Передо мной была Катя, которую я до сих пор безумно люблю и которую я потерял навсегда. Резкость восприятия образа усилилась почти до реального. Цвет одежды лица и рук стал близок к естественному. Скорее всего, я сделал апгрейд системы адаптации окружающего пространства из-за процессов внутреннего познания эмоционального эго. Другого объяснения у меня не нашлось. Кроме того, окружающее пространство стало светлей и границы видимого как бы раздвинулись.
– Ка…, прости, Эмми, я видел сон и не проснулся окончательно. Зато у меня появились вопросы, ответы на которые помогут нам приблизиться к решению головоломки.

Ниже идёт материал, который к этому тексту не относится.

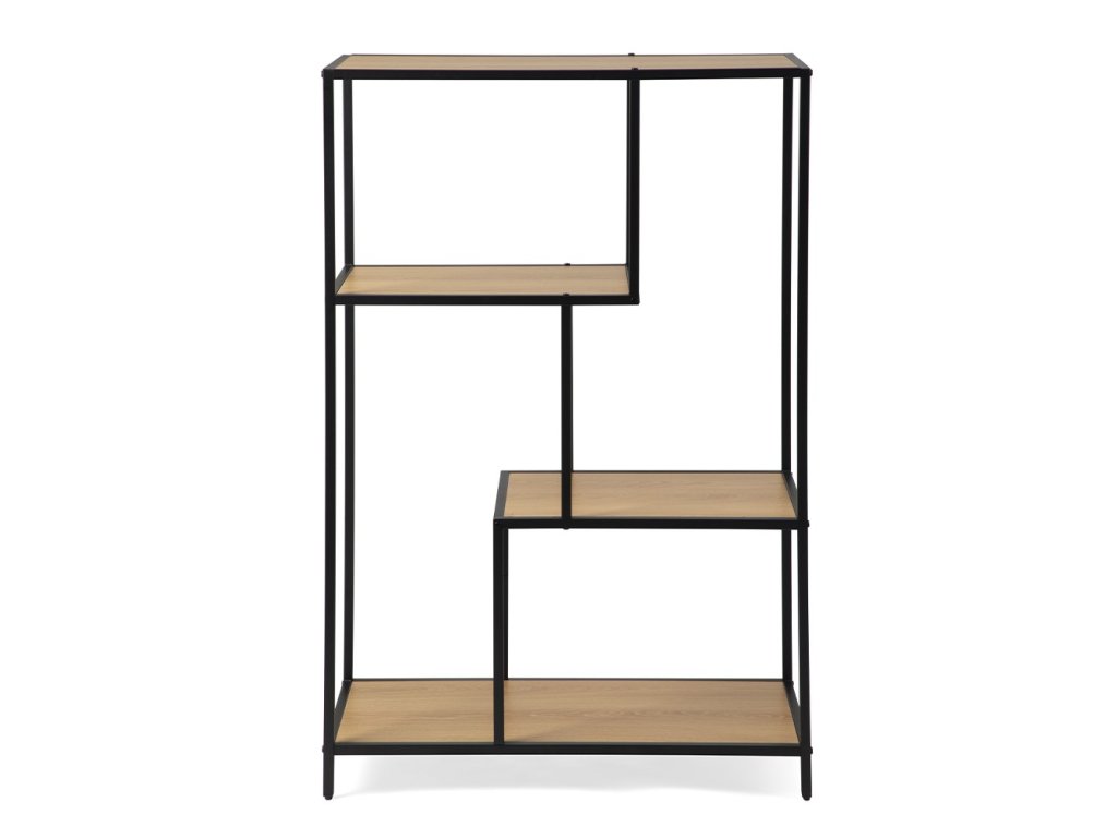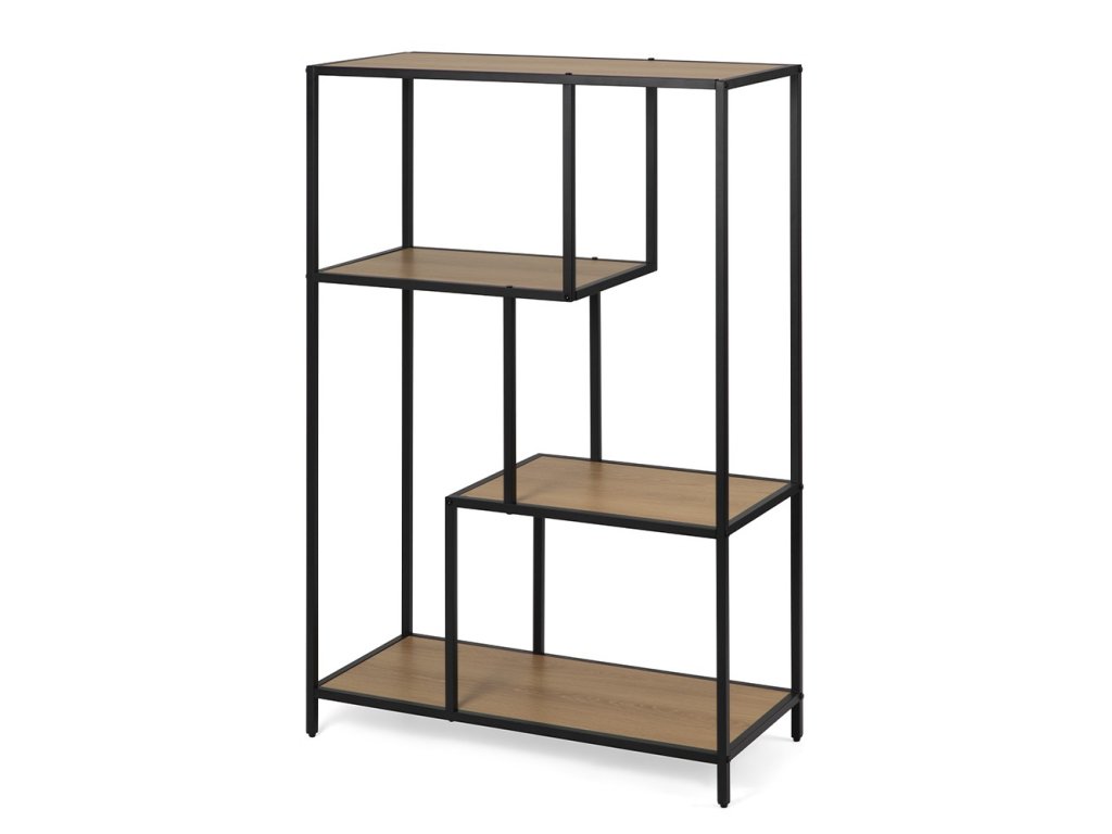 Praktický otvorený regál s kovovým rámom a policami v dekore prírodného dreva ponúka funkčný úložný priestor s odľahčeným vzhľadom. Vďaka asymetrickému rozloženiu políc pôsobí zaujímavo a zároveň poskytuje miesto na knihy, dekorácie alebo doplnky.

– Отвечу на все, если смогу.
– Каким ты меня видишь? В смысле реальным или размытым, в естественных цветах или блёклым, как зрелый одуванчик?
– Твой образ бесподобен! Ты вылитый Роджер Мур в роли Джеймса Бонда, и мне льстит, что я знакома с такой знаменитостью. А на колер твоего костюма я не обращала внимания до твоего вопроса, зато теперь могу сказать, что темно-синий цвет тебе к лицу. Ещё вопрос?
– Расскажи мне подробней о трансформации окружающей среды и объектов, встречаемых тобой за предыдущее время. Насколько сильно всё изменилось и какие реперные моменты ты с этим связываешь?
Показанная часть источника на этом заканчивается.